Assignment – Reproduce the records below exactly, but leave their pictures out of the copy.

(Listed entries Opens)

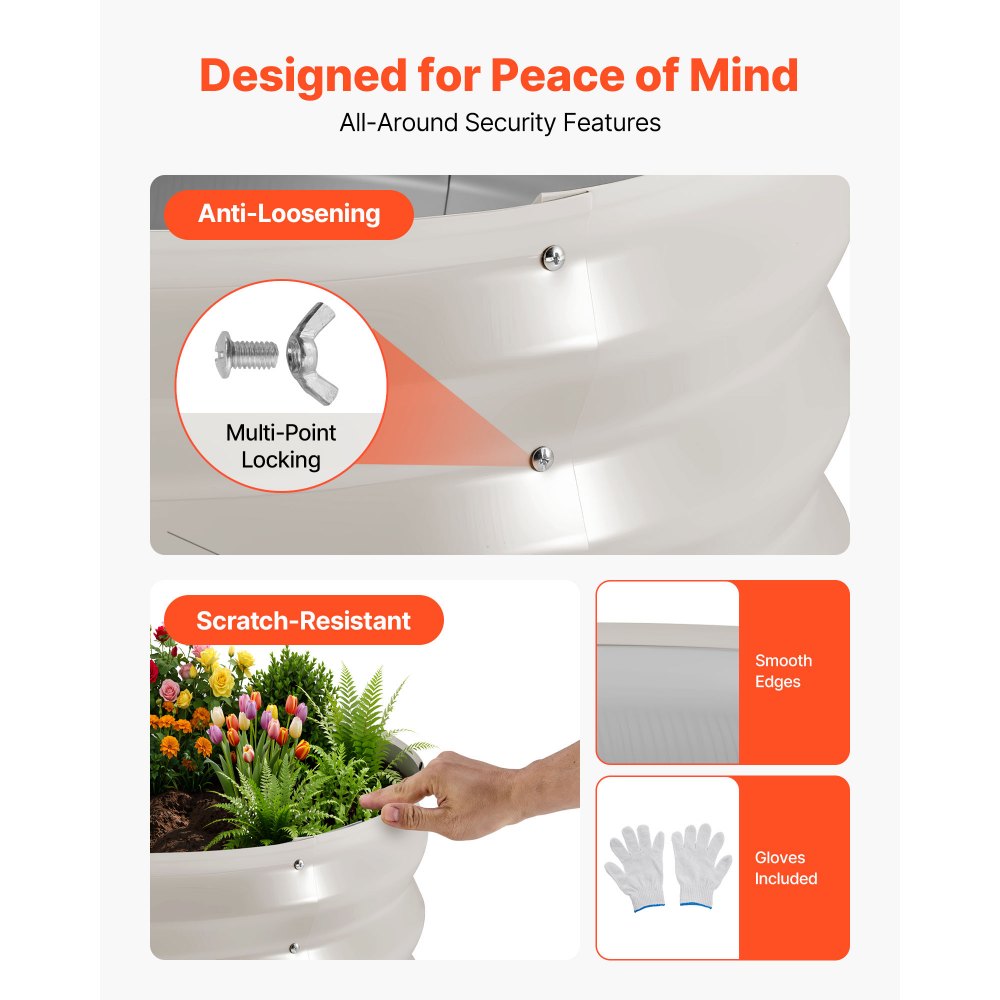 Experiencia de jardinería segura: Con múltiples puntos de conexión y una estructura estable, esta jardinera elevada se instala firmemente sin aflojarse. Los bordes redondeados y los guantes incluidos ayudan a reducir el riesgo de lesiones, lo que garantiza una jardinería segura desde la instalación hasta el cuidado diario
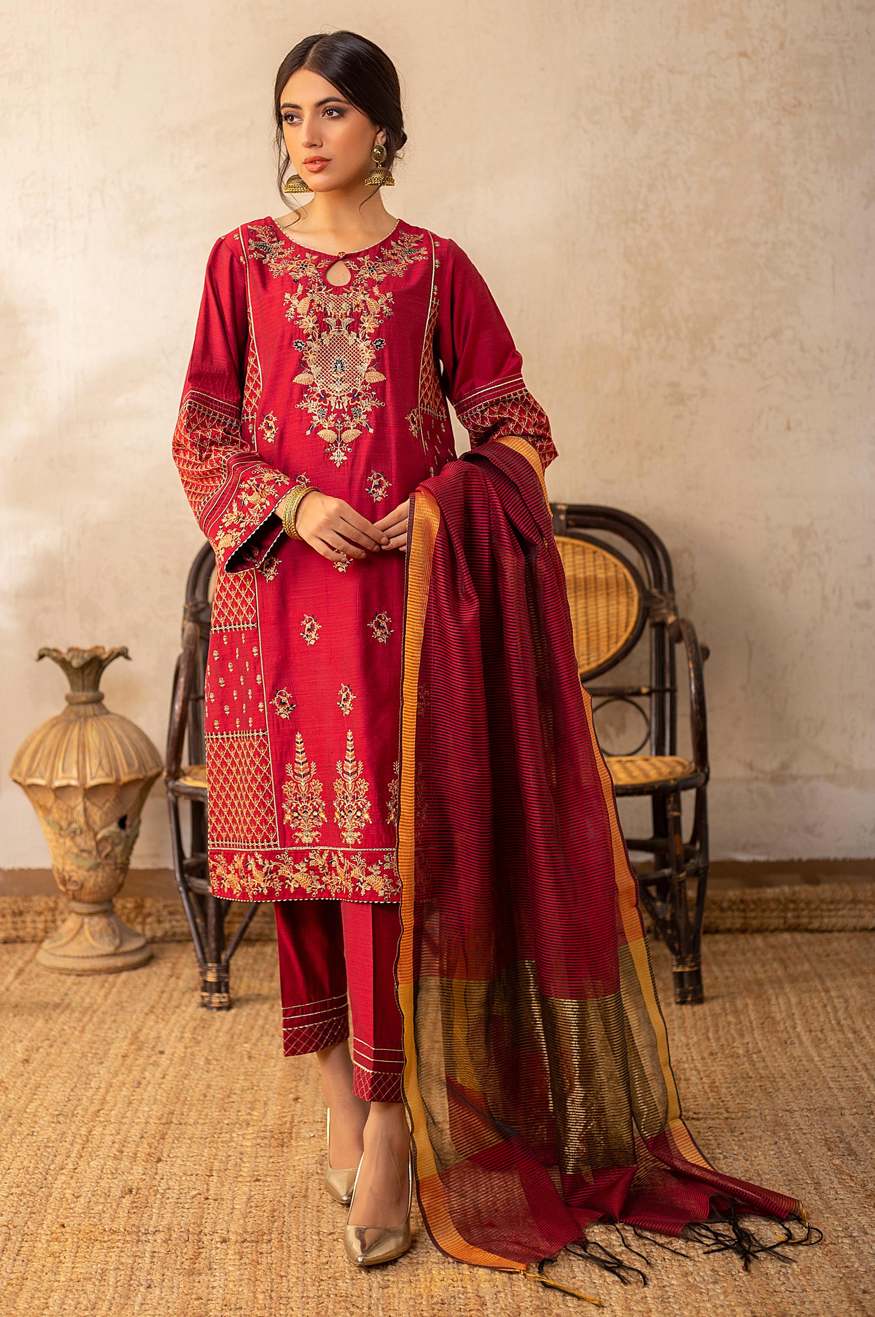 This 3pcs unstitched yarn-dyed cotton silk ensemble features intricated traditional embroideries on front and elevates side panels, along with the beautiful floral borders for daman and sleeves. Paired with a striped dupatta and tonal bottom, this alluring design is a style statement in this season.
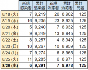 マレーシア保健省(MOH)は8月26日、新型コロナウイルス「Covid-19」の感染者数が前日から6人増えて9,291人になったと発表した。
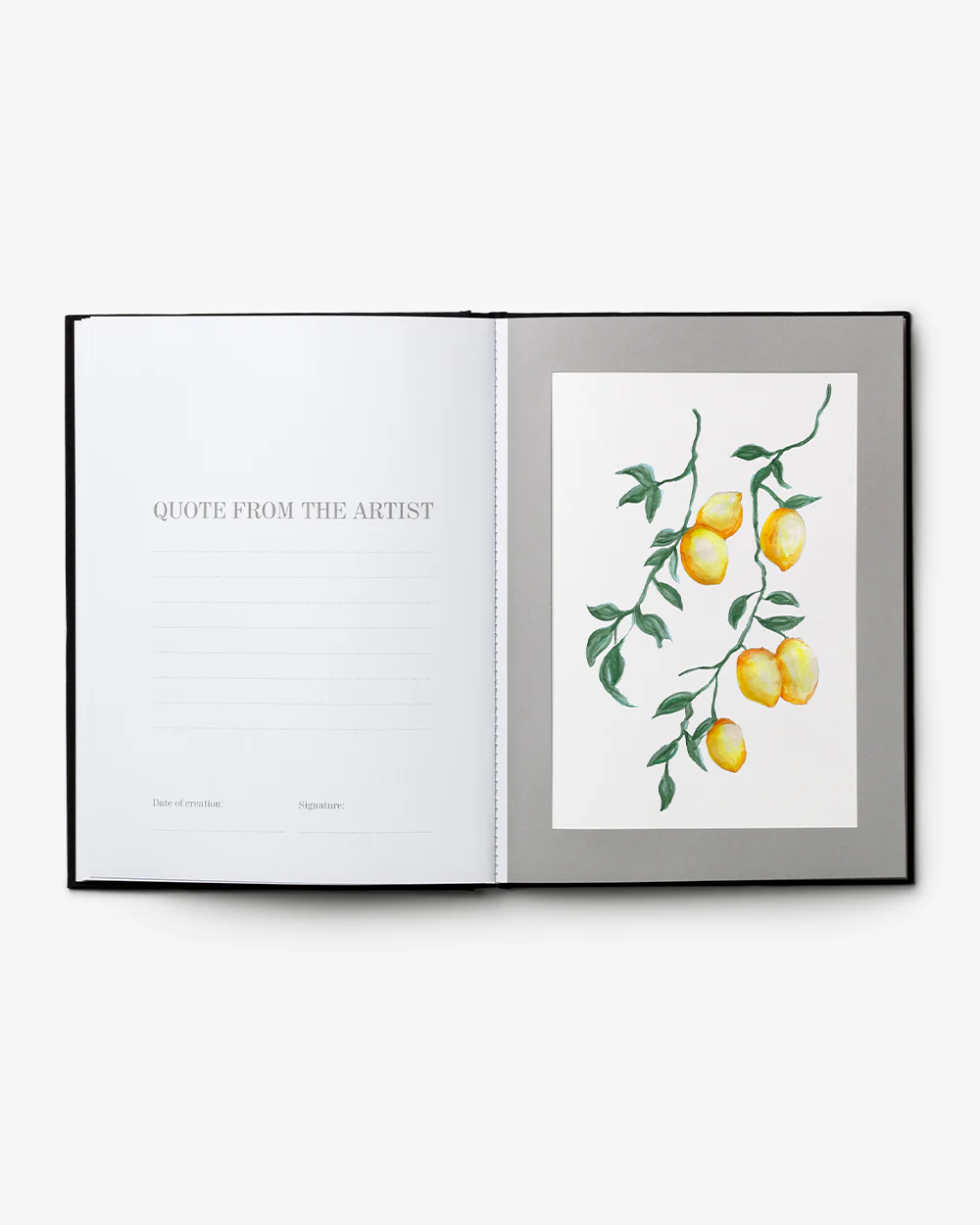 Inside this black Frame Book, you'll discover 19 built-in frames designed to fit a special drawing perfectly. Slide the artwork into the frames, and on the adjacent page, write down notes or messages from the artist, adding a personal touch and capturing the story behind each piece.
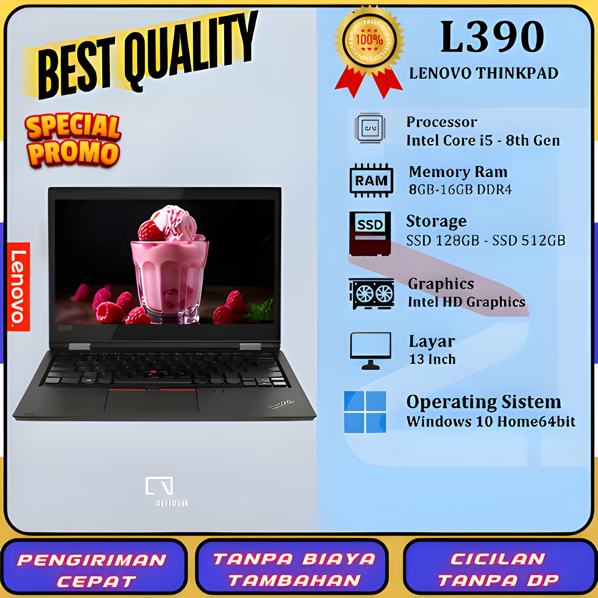 Laptop Lenovo Thinkpad Series i5/i7 | T470 T480 T490 L480 T14 E480 L13| 16GB 512GB | Second Bergaransi
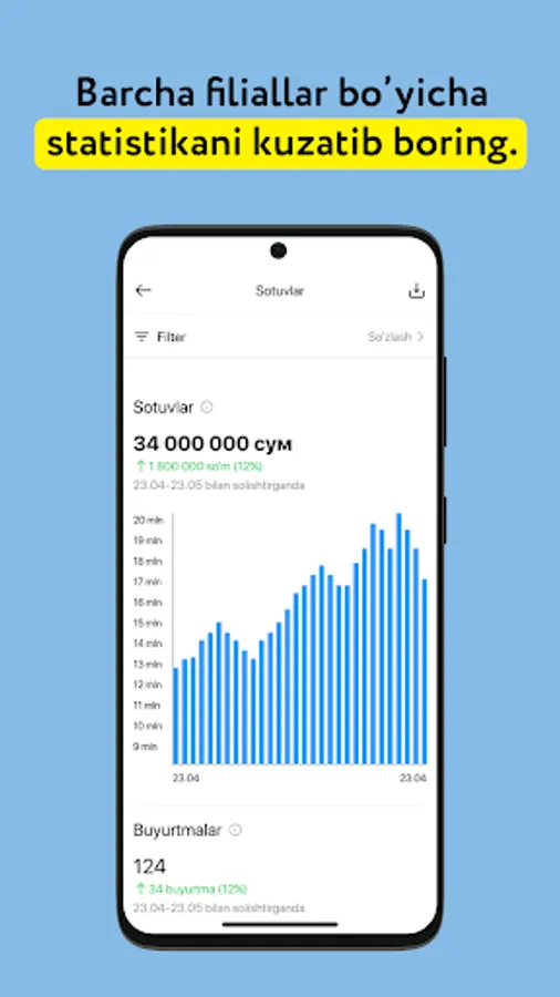 📊 Barcha filiallar bo'yicha statistikani kuzatib boring;
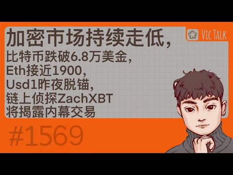 加密市场持续走低,比特币跌破6.8万美金,Eth接近1900,Usd1昨夜脱锚,链上侦探ZachXBT将揭露内幕交易【Vic TALK 第1569期】
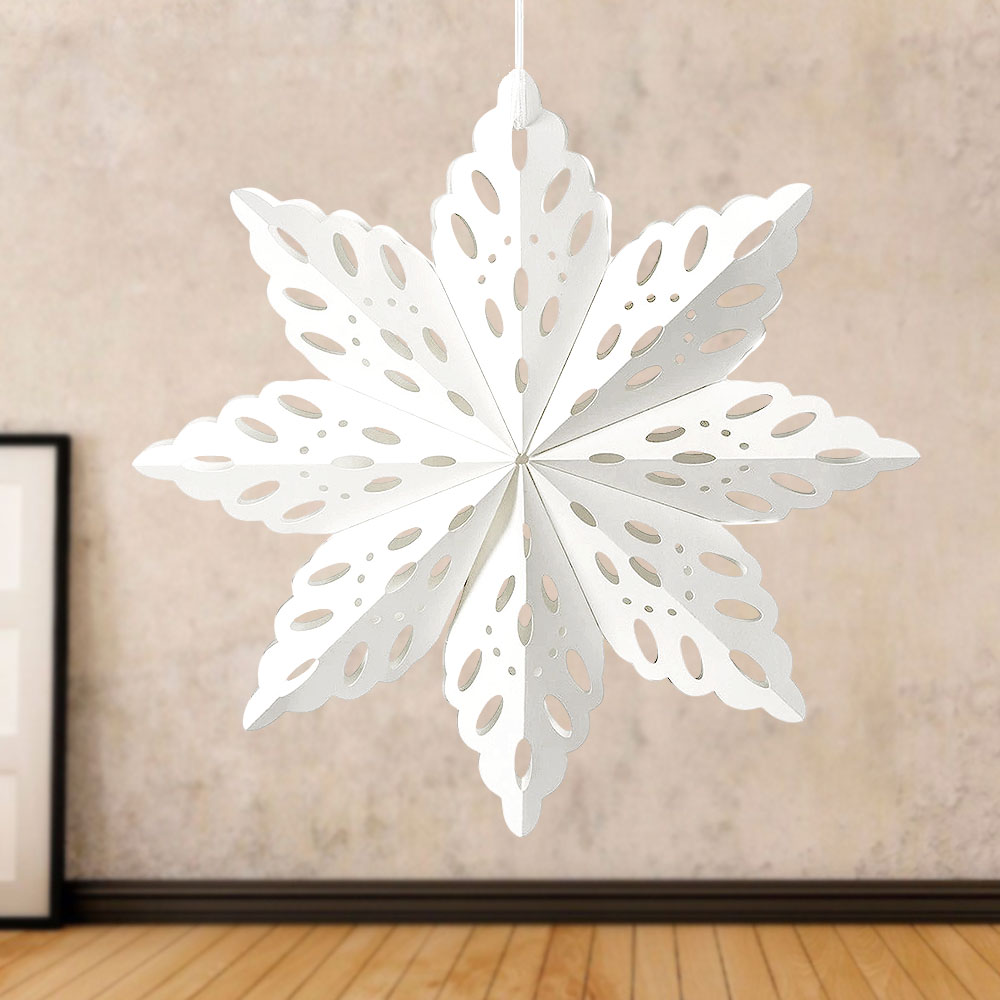 Элегантная объёмная снежинка из плотной бумаги белого цвета — изысканное украшение для зимнего интерьера, витрин, залов и новогодних фотозон. Ажурный рисунок придаёт ей лёгкость и воздушность, создавая ощущение снежной свежести и уюта.
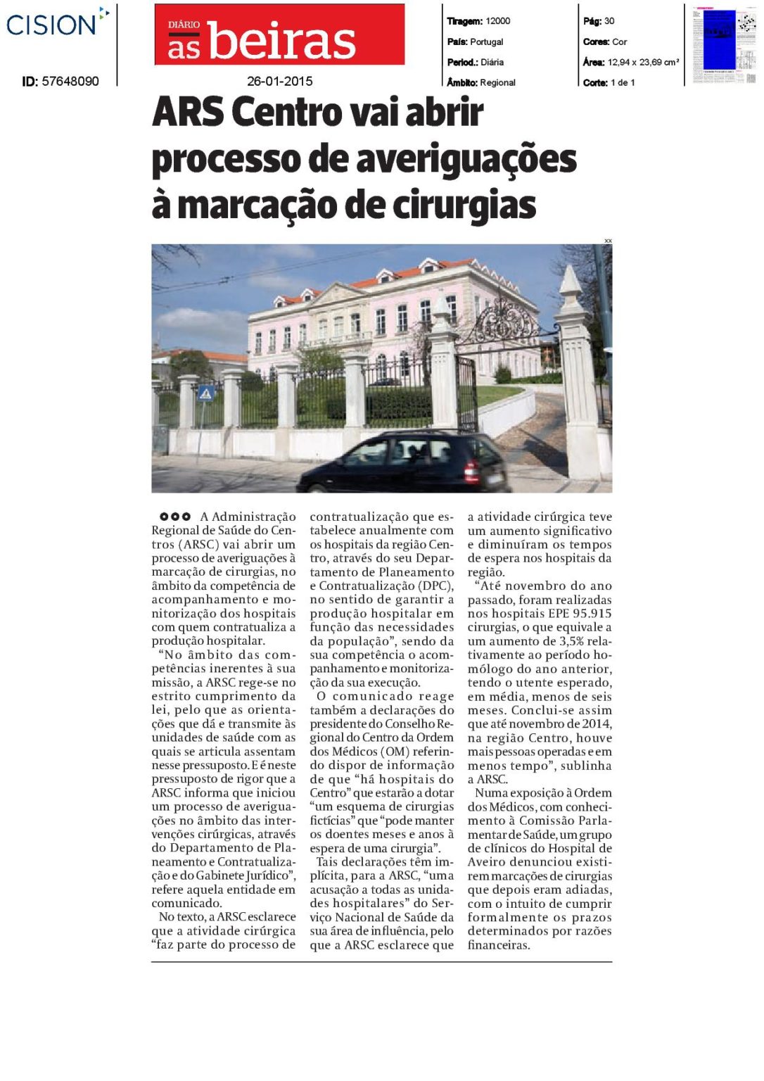 ARS Centro vai abrir processo de averiguações à marcação de cirurgias

(Listed entries Closes)

Exercise solution –
 Experiencia de jardinería segura: Con múltiples puntos de conexión y una estructura estable, esta jardinera elevada se instala firmemente sin aflojarse. Los bordes redondeados y los guantes incluidos ayudan a reducir el riesgo de lesiones, lo que garantiza una jardinería segura desde la instalación hasta el cuidado diario
 This 3pcs unstitched yarn-dyed cotton silk ensemble features intricated traditional embroideries on front and elevates side panels, along with the beautiful floral borders for daman and sleeves. Paired with a striped dupatta and tonal bottom, this alluring design is a style statement in this season.
 マレーシア保健省(MOH)は8月26日、新型コロナウイルス「Covid-19」の感染者数が前日から6人増えて9,291人になったと発表した。
 Inside this black Frame Book, you'll discover 19 built-in frames designed to fit a special drawing perfectly. Slide the artwork into the frames, and on the adjacent page, write down notes or messages from the artist, adding a personal touch and capturing the story behind each piece.
 Laptop Lenovo Thinkpad Series i5/i7 | T470 T480 T490 L480 T14 E480 L13| 16GB 512GB | Second Bergaransi
 📊 Barcha filiallar bo'yicha statistikani kuzatib boring;
 加密市场持续走低,比特币跌破6.8万美金,Eth接近1900,Usd1昨夜脱锚,链上侦探ZachXBT将揭露内幕交易【Vic TALK 第1569期】
 Элегантная объёмная снежинка из плотной бумаги белого цвета — изысканное украшение для зимнего интерьера, витрин, залов и новогодних фотозон. Ажурный рисунок придаёт ей лёгкость и воздушность, создавая ощущение снежной свежести и уюта.
 ARS Centro vai abrir processo de averiguações à marcação de cirurgias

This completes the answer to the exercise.